Наташа тоже была самостоятельной — если не державой, то герцогством. Выйдя замуж по безумной любви (все девочки были тогда в ресторане), она уже через три месяца застала мужа с незнакомой девицей в ситуации, исключающей разночтения, собрала чемодан и тут же ушла к подруге. Муж прибежал через час, плакал, убивался, становился на колени, всю ночь просидел под дверью. Наташа осталась непреклонной и через положенный срок добавила к своему имени горькое, но весьма современное прозвище. Бывший муж отпал, любовь зарубцевалась; Наташа Разведенная уверовала в принципиальность и старалась всегда поступать в соответствии со своей верой.
Все это и еще сотни иных историй, ситуаций, ассоциаций и воспоминаний промелькнули в пустой, как царь-колокол, Клавиной голове, и она не поняла — и некогда было, и вообще она медленно соображала, — не поняла, а всем существом, всей кожей, телом, нутром почувствовала, что погибла. И заревела отчаянно, громко, с истошным бабьим надрывом:
— А он не любит! Не любит! Не любит!..
И бросилась вон, натыкаясь на стулья. Не догнали, не нашли, не вернули, и собрание пришлось закрыть.
5
До того, как стать Разведенной, Наташа была просто Троицкой. Безумная любовь превратила ее в Сорокину, но безумная гордость вновь вернула ей девичью фамилию, только уже с прозвищем, и это прозвище стало для их отдела куда более употребительным.

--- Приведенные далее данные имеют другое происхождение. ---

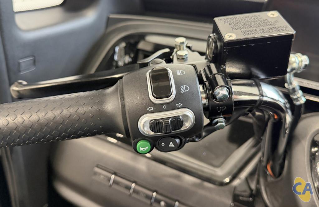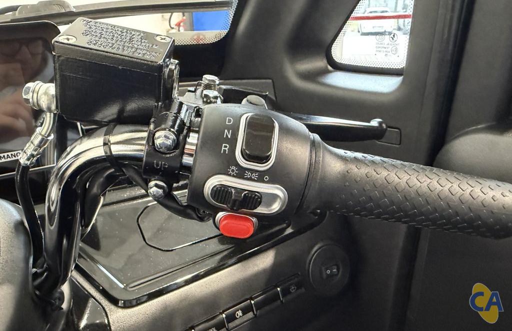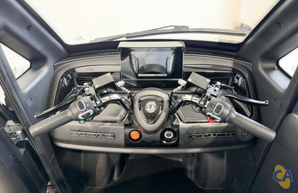 Questa macchina senza patente è dotata di manubrio e si guida come uno scooter tradizionale con cambio automatico: troviamo, infatti, un selettore di marcia sul manubrio oltre che freni (anteriore e posteriore) e acceleratore a manopola!
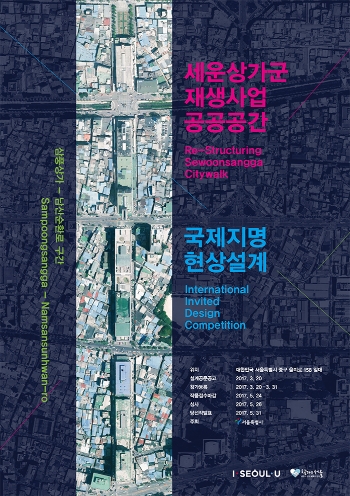 공모 제목세운상가군 재생사업 공공공간 국제지명현상설계(삼풍상가 - 남산순환로 구간) 대상지 소개서울 역사도심의 중심에 위치하고 있는 세운상가군은 종로에서 퇴계로까지 약 1km에 걸쳐 총 7개의 상가로 구성되어 있으며 행정구역상 종로구와 중구에 소재하고 있다. 세운상가군의 북측에는 ...
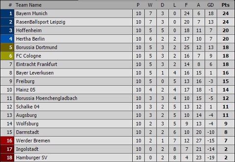 Sau 10 vòng đấu, tân binh Bundesliga đang bất bại và tạm thời xếp thứ hai với 24 điểm. Họ có cùng điểm số với đội đầu bảng Bayern Munich nhưng đành xếp sau do thua chỉ số phụ. Đây là lần đầu tiên sau 6 năm mới có một đội bóng cân bằng điểm số với “Hùm xám” sau 10 vòng đầu tiên. Và cũng từ khá lâu rồi bóng đá Đức mới lại có một tân binh thi đấu ở giai đoạn đầu mùa ấn tượng đến vậy. Lần gần nhất có một tân binh như vậy là Kaiserslautern ở mùa giải 1997-98. Mùa giải năm đó, tân binh Kaiserslautern sau 34 vòng đấu đã vô địch Bundesliga khi chỉ hơn đội đứng thứ hai Bayern Munich đúng 2 điểm.

— Троицкая? Это какая же Троицкая? Ах, Наташа Разведенная! Ну, так бы и говорили.
После того страшного дня, когда она засорила на работе глаз, была отпущена в поликлинику, а потом пришла домой и, открыв своим ключом дверь, увидела чужой рай на собственном супружеском ложе, Наташа считала, что все у нее позади. Любовь и трепет, семейный очаг и дети, гармония души и неисчислимые хлопоты — словом, все то, что нормальная женщина называет счастьем. Счастье оказалось позади и вспыхивало, как стоп-сигнал, удерживая мужчин на почтительном расстоянии. И вместо всех женских радостей, вместо, так сказать, всего букета в руках остался один чертополох невероятной гордыни. Женщины вообще более склонны к этому чувству, тоньше разбираются в нем, а уж коли начинают холить да лелеять, чувство разрастается, как полип, рискуя задавить все прочие черты характера. И уж в чем, в чем, а в этом Наташа Разведенная преуспела с особой силой.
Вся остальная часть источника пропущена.